Сова, услышав начало моего обращения, мгновенно широко открыла глаза:
- Ага, попался на удочку!
Однако мое упоминание о трехцветных птицах резко испортило ей настроение.
- То, что вы говорите, совершеннейшая ерунда. Трехцветной может быть только кошка. Птица не может быть трехцветной.
Я обрадовался, что сова попалась в расставленные мною сети, и спросил:
- Так что, выходит, среди птиц не было кошек?
Услышав это, сова как-то нехорошо заерзала на ветке.
«Вот он, нужный момент», — подумал я и добавил:
- Где-то все-таки я слышал, что кошки входили в разряд птиц. И козодой мне говорил об этом, и ворона, кажется, говорила то же самое.
Сова горько рассмеялась, пытаясь сбить меня тем самым с толку, и добавила:
- Однако у вас большие связи.
Но меня так просто с толку не собьешь.
- И тем не менее это правда. К тому же об этом говорил мне ваш друг козодой.
Сова поерзала на ветке еще какое-то время и потом проронила:
- Это была кличка.
Сказала как отрезала и отвернулась.
- Так это была кличка? Чья? Чья? Эй, сова, послушай! Кошка —чья это была кличка?

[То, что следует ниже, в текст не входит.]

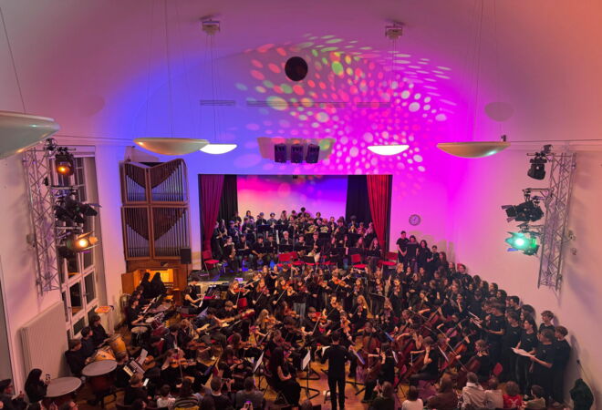 Schülerinnen und Schüler der Elisabethenschule waren Teil der Frankfurter Schulphilharmonie unter Leitung von Nicolai Bernstein. Die Frankfurter Schulphilharmonie hatte ihre Premiere am So, 26.04.2026, von 11:00 Uhr – 12:00 Uhr im vollbesetzten Großen Saal der Alten Oper in Frankfurt am Main.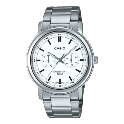El Casio MTPE335D-7EV combina una esfera blanca multifunción con detalles en negro que aportan dinamismo. Su brazalete metálico y diseño sobrio lo hacen perfecto para quienes buscan un reloj formal pero práctico para el día a día.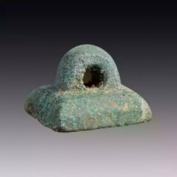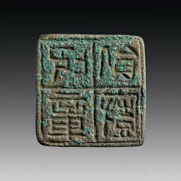 近日,从朋友那新获古印一枚,据云出于渭河。半环状鼻钮,印墙上有收分,近钮处呈坛台状。印长二十一点八、宽二十一点四、高十五点二、内孔径六点零、钮宽十点零毫米。古印锈迹緑褐参差,品相上佳。印文为右起“卬章飤厨”四字,带有边栏及十字界格。

Сова немного приподнялась на ветке, обратив свой прозрачный взгляд к луне, — весь ее облик выражал затруднение. Ничего не поделаешь, видно было, что разговор подходил к развязке. Сова сделала как могла интересное лицо и выпалила признание:
- Это была моя кличка.
- Ах вот как! Это была ваша кличка. Ваша кличка — Кошка. Хотя вы совсем не похожи на кошку — так я говорил, с интересом разглядывая совиное лицо, а сам про себя думал: «Ну вылитая кошка».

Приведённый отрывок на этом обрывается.